Cinq agents de la SUGE, la brigade de la sûreté ferroviaire de la SNCF, ont été placés en garde à vue après cette intervention rarissime.

Deux agents de la sûreté ferroviaire étaient toujours entendus par la police judiciaire jeudi, au lendemain de leur intervention près de la gare d'Ermont-Eaubonne (Val-d'Oise) où ils ont tué un homme menaçant armé d'un couteau.

Cinq agents de la SUGE, la brigade de la sûreté ferroviaire de la SNCF, ont été placés en garde à vue après cette intervention rarissime, une procédure toutefois classique pour les besoins de l'enquête. Trois d'entre eux ont été laissés libres jeudi, tandis que deux autres étaient toujours entendus jeudi en début de soirée par les enquêteurs, a indiqué à l'AFP une source proche du dossier.

Une autopsie doit être pratiquée vendredi sur le corps de cet homme de nationalité haïtienne de 36 ans, de "type marginal" et dont le casier judiciaire comporte une quinzaine de mentions notamment pour violences. Il s'agira notamment de faire des analyses toxicologiques.

Mercredi vers 15h45, l'individu a d'abord brandi une arme blanche envers des voyageurs qui attendaient leur train sur le quai de la gare d'Ermont-Eaubonne, en région parisienne. 

Il a été poursuivi par les agents à l'extérieur de la gare, selon une source policière. Il a ensuite croisé un groupe de 11 enfants de primaire et deux accompagnateurs, à proximité d'un centre de loisirs. Le trentenaire s'est montré "extrêmement menaçant" envers le groupe, ce qui a poussé les agents à intervenir, selon la SNCF.

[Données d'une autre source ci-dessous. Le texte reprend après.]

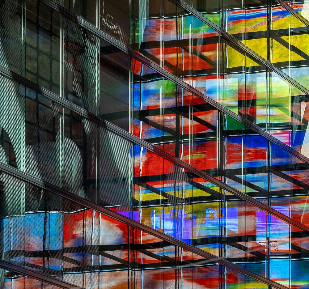 De kleurrijke glazen binnen gevel van het museum Beeld en Geluid in Hilversum.
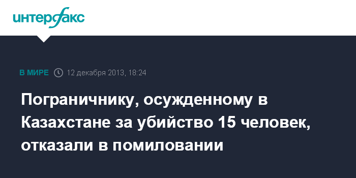 Алматы. 12 декабря. INTERFAX.RU - Казахстанскому пограничнику Владиславу Челаху, приговоренному к пожизненному лишению свободы за убийство 15 человек, в помиловании отказано, сообщил в четверг "Интерфаксу" адвокат осужденного Серик Сарсенов.

"Il a touché des enfants" mais pas avec son couteau, ne faisant aucun blessé, a indiqué une source proche de l'enquête. "Il a dit 'tuez-moi ou je vais en tuer un'. On est passé à deux, trois secondes de la catastrophe". Les enquêteurs vont également exploiter des images de vidéosurveillance.

Mercredi soir, une vidéo amateur diffusée sur les réseaux sociaux montrait l'homme véhément proche des enfants, avant d'être abattu. Visé par cinq tirs et atteint par quatre, il est décédé peu après les faits. 

Dans des communiqués distincts, les syndicats FO et UNSA Ferroviaire ont apporté leur "soutien plein et entier" aux agents impliqués, saluant leur "professionnalisme".